12. Termination upon Sale of Business. Notwithstanding anything to the
contrary, the Employer may terminate this Agreement upon ten (10) days' notice
to the Employee upon the happening of any of the following events:
(a) the sale by the Employer of substantially all of its
assets to a single purchaser or to a group of associated purchasers;
(b) the sale, exchange, or other disposition, in one
transaction, of at least two-thirds (2/3) of the outstanding corporate shares of
the Employer;
(c) a decision by the Employer to terminate its business and
liquidate its assets; or
(d) the merger or consolidation of the Employer in a
transaction in which the shareholders of the Employer receive less than fifty
percent (50%) of the outstanding voting shares of the new or continuing
corporation.
In order to protect Employee against the possible consequences of such
termination and thereby to induce Employee to continue to serve as an employee
of Employer, Employer agrees that if (a) this Agreement is terminated as stated
in this Section; or (b) one of the actions stated in this Section occurs and
Employee leaves the employment of Employer or the resulting entity for whatever
reason (other than discharge for cause) within six (6) months after such
occurrence:
(a) Employee shall be entitled to receive within ten (10)
business days of Employee leaving such employment of lump-sum payment in cash in
the amount of one year's Base Salary.
(b) To the extent Employee is eligible, he shall continue to
be covered by all noncash benefit plans of Employer except for the retirement
plans or retirement programs in which Employee participates or any successor
plans or programs in effect on the date of such acquisition of control, for one
year thereafter; provided, however, that if during such time period Employee
should enter into the employment of a competitor of Employer, his participation
in such noncash benefit plans would cease. In the event Employee is ineligible
under the terms of such plans to continue to be so covered, Employer shall
provide substantially equivalent coverage through other sources.

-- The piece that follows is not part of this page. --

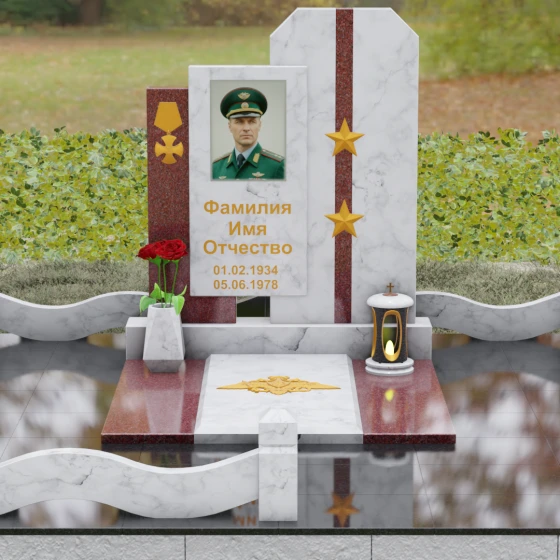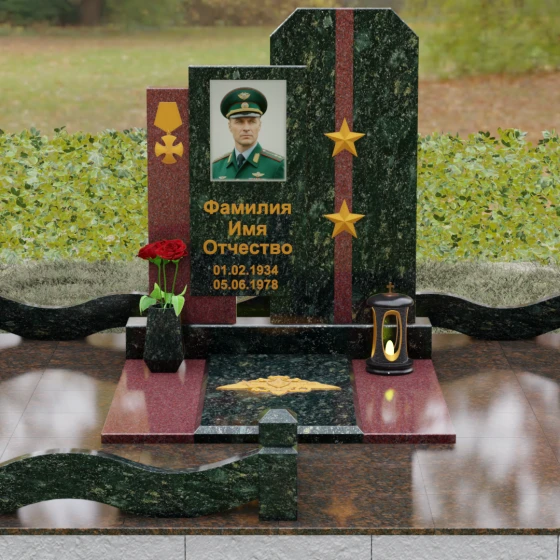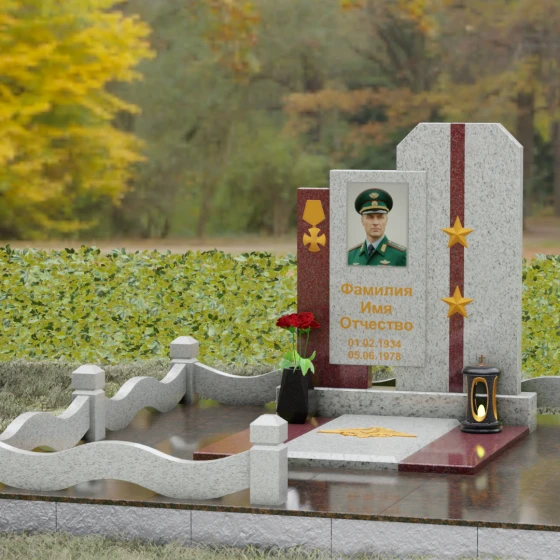 Выбор мемориального комплекса — это всегда поиск баланса между строгостью формы и глубиной чувств. Модель Артикул 201 представляет собой сложную архитектурную композицию, которая идеально подходит для увековечивания памяти сильного, волевого человека, посвятившего жизнь служению. Надгробие из натурального камня состоит из трех вертикальных элементов, создающих динамичный, ступенчатый силуэт. Центральная стела, предназначенная для размещения портрета и основной информации, обрамлена боковыми пилонами из контрастного красного гранита. Такая геометрия символизирует устойчивость, надежную опору и непоколебимость духа. Сочетание строгих прямых линий и аккуратных фасок на вершинах придает памятнику торжественный, парадный вид, подчеркивая заслуги и особый статус усопшего.

(c) In addition to the benefits to which Employee is entitled
under the retirement plans or programs in which Employee participates or any
successor plans or programs in effect on the date of termination of his
employment hereunder, Employee shall be paid in one sum in cash at his normal
retirement age (or earlier retirement age should he so elect) as defined in the
retirement plans or programs in which Employee participates or any successor
plans or programs in effect on the date of such acquisition of control, an
amount, as an additional retirement benefit, equal to the actuarial equivalent
of the additional amount that he would have earned under such retirement plans
or programs had he accumulated four additional years of continuous service
(after any termination pursuant to
3
this Section 1) under such retirement plans or programs both for purposes of
determining eligibility for a benefit and for purposes of calculating the amount
of such benefit.
Employee's benefits hereunder shall be considered severance pay in
consideration of his past service, and pay in consideration of his continued
service from the date hereof and his entitlement thereto shall not be governed
by any duty to mitigate his damages by seeking further employment nor offset by
any compensation which he may receive from future employment.

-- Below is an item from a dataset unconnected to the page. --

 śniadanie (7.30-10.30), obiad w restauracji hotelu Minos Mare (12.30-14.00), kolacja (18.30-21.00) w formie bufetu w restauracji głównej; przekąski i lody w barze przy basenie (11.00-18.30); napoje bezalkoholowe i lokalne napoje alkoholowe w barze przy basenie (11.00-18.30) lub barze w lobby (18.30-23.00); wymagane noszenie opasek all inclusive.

13. Death During Employment. If the Employee dies during the term of
employment, the Employer shall pay to the estate of the Employee the
compensation which would otherwise be payable to the Employee up to the end of
the month in which his death occurs.
14. Competition During and After Term. Employee agrees that during the
Term hereof, and for a period of one (1) year after the expiration of the Term,
he will not, either separately, jointly, or in association with others, directly
or indirectly, as an agent, employee, owner, partner, stockholder, or otherwise,
allow his name to be used by, or establish, engage in, or become interested in
any business, trade or occupation similar to the business being conducted by
Employer, in any county in any of the States of the United States in which
Employer's business is then being conducted or in any contiguous county, as long
as Employer, or any person, firm, or corporation deriving title to the goodwill
of, or shares from it, carries on a like business therein. Employer and Employee
acknowledge that during the Term of Employee's employment, Employee will acquire
special knowledge and/or skill that he can effectively utilize in competition
with Employer. Furthermore, although not a term or condition of this Agreement,
Employer and Employee acknowledge that, as of the date hereof, it is reasonably
contemplated that Employee's services will be utilized by Employer in executive,
managerial, and/or supervisory capacities throughout the areas in which Employer
conducts its business, and in the general operation of Employer's business
wherever it is being conducted, throughout the United States.
Employee agrees that the remedy at law for any breach by him of the
covenants contained herein will be inadequate, and that in the event of a
violation of the covenants contained herein, in addition to any and all legal
and equitable remedies which may be available, the said covenants may be
enforced by an injunction in a suit in equity, without the necessity of proving
actual damage, and that a temporary injunction may be granted immediately upon
the commencement of any such suit, and without notice. The parties hereto intend
that the covenants contained in this Section shall be deemed to be a series of
separate covenants, one for each county of each state where Employer does
business. If, in any judicial proceeding, a court shall refuse to enforce any or
all of the separate covenants deemed included in such action, then such
unenforceable covenants shall be deemed eliminated from the provisions hereof
for the purposes of such proceeding to the extent necessary to permit the
remaining separate covenants to be enforced in such proceeding. Furthermore, if
in any judicial proceeding a court shall refuse to enforce any covenant by
reason of the duration or extent thereof, such covenant shall be construed to
have only the maximum duration or extent permitted by law.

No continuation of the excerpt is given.